(REQUIRED WORK): The records are to be copied from the line that contains "3月28日,武漢地鐵運營有限" through their last line, word for word, with every picture left out.

#### RECORDS PROVIDED ####

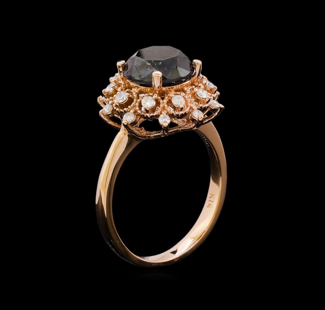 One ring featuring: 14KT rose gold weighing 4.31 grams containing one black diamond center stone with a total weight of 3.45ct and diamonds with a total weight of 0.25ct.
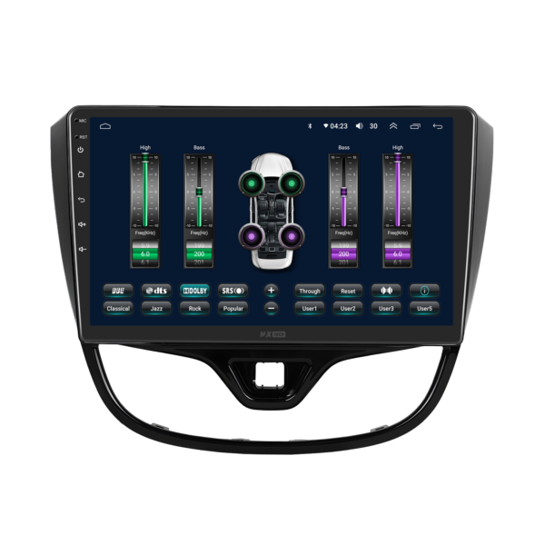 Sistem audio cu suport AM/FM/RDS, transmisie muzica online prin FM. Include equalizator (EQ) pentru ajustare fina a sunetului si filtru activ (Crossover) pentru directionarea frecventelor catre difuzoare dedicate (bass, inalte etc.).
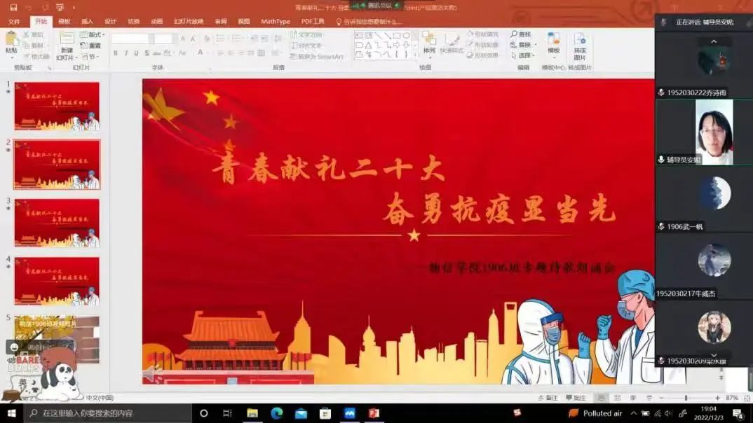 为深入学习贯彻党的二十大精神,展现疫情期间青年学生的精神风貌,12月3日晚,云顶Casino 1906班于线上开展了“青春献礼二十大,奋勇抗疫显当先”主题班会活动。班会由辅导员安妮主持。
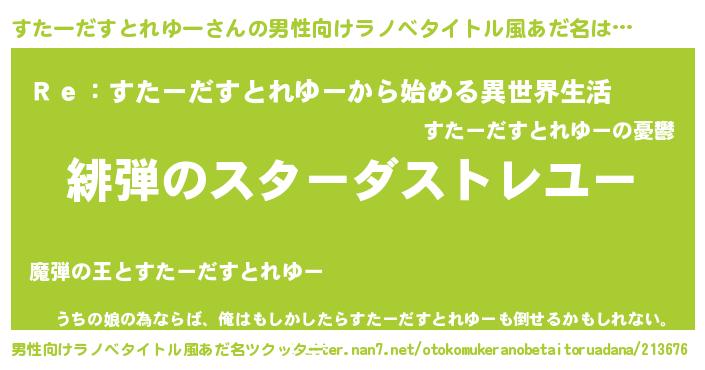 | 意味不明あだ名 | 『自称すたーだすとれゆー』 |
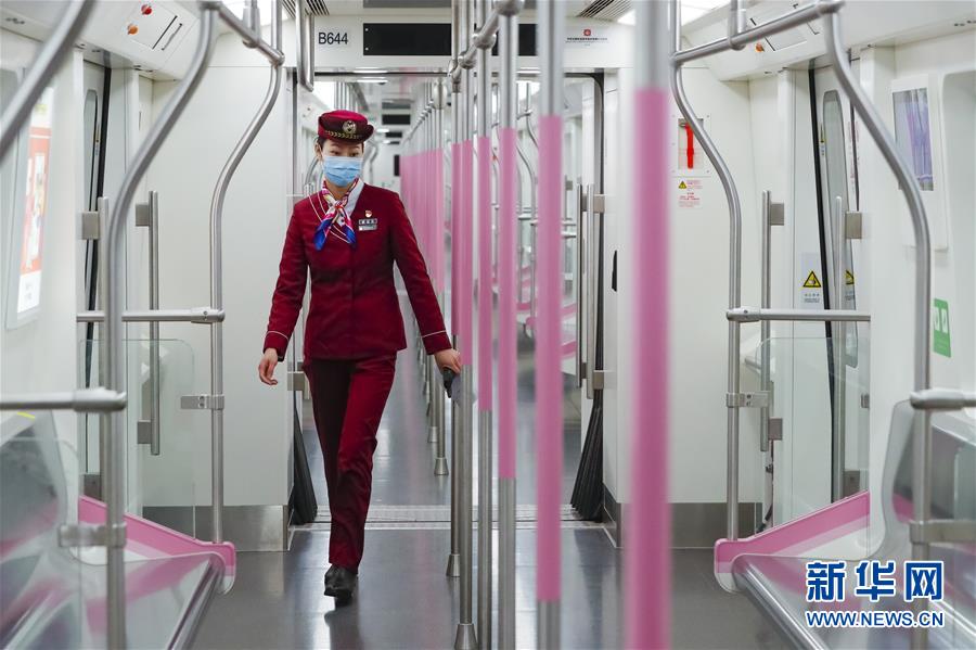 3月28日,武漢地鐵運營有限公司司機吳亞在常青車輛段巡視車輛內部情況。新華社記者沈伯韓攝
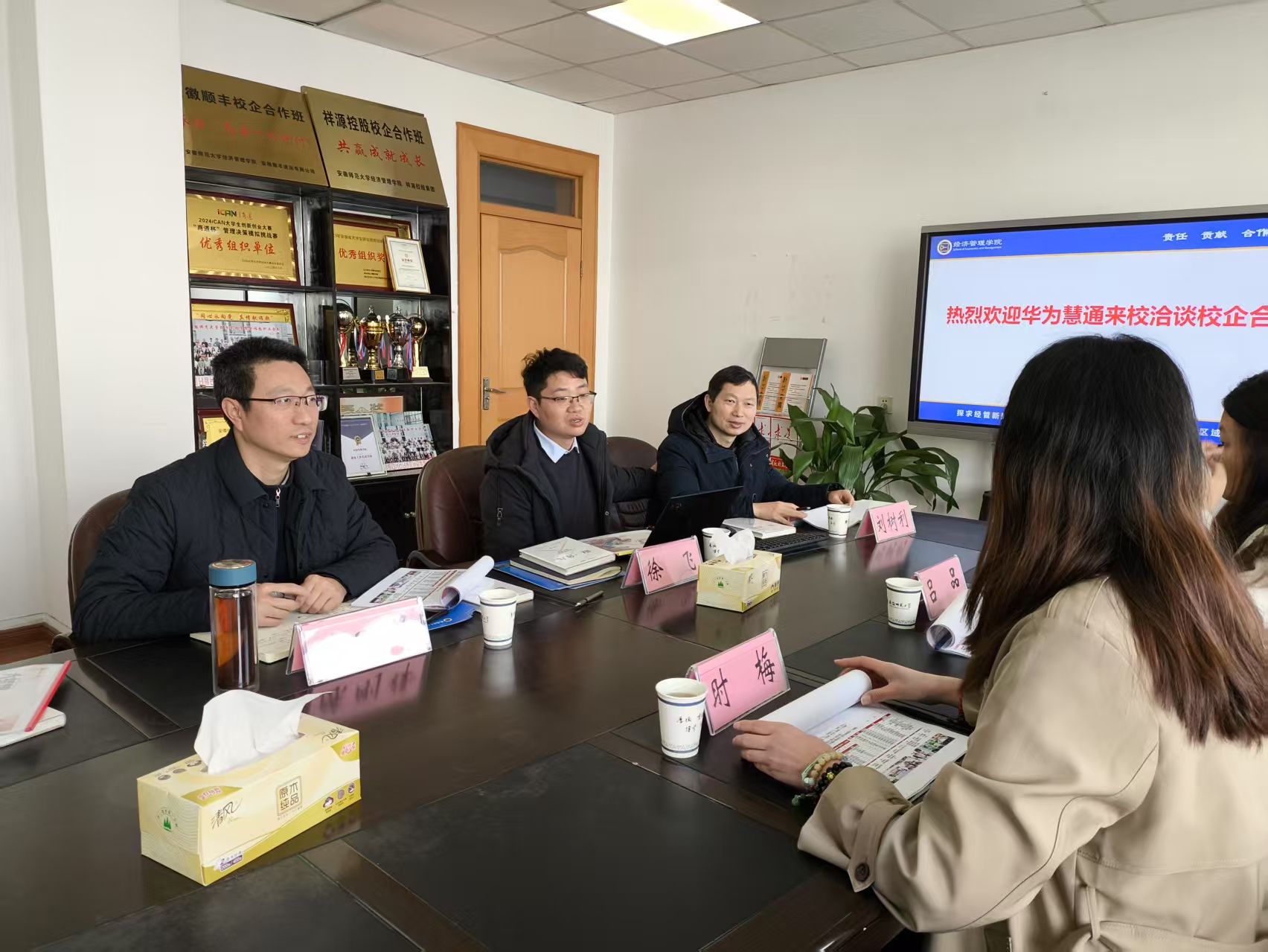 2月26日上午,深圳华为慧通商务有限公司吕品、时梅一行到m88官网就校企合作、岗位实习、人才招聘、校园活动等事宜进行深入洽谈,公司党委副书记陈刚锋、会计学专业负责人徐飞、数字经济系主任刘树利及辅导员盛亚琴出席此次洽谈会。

####

(RESPONSE FOR THIS EXERCISE):
 3月28日,武漢地鐵運營有限公司司機吳亞在常青車輛段巡視車輛內部情況。新華社記者沈伯韓攝
 2月26日上午,深圳华为慧通商务有限公司吕品、时梅一行到m88官网就校企合作、岗位实习、人才招聘、校园活动等事宜进行深入洽谈,公司党委副书记陈刚锋、会计学专业负责人徐飞、数字经济系主任刘树利及辅导员盛亚琴出席此次洽谈会。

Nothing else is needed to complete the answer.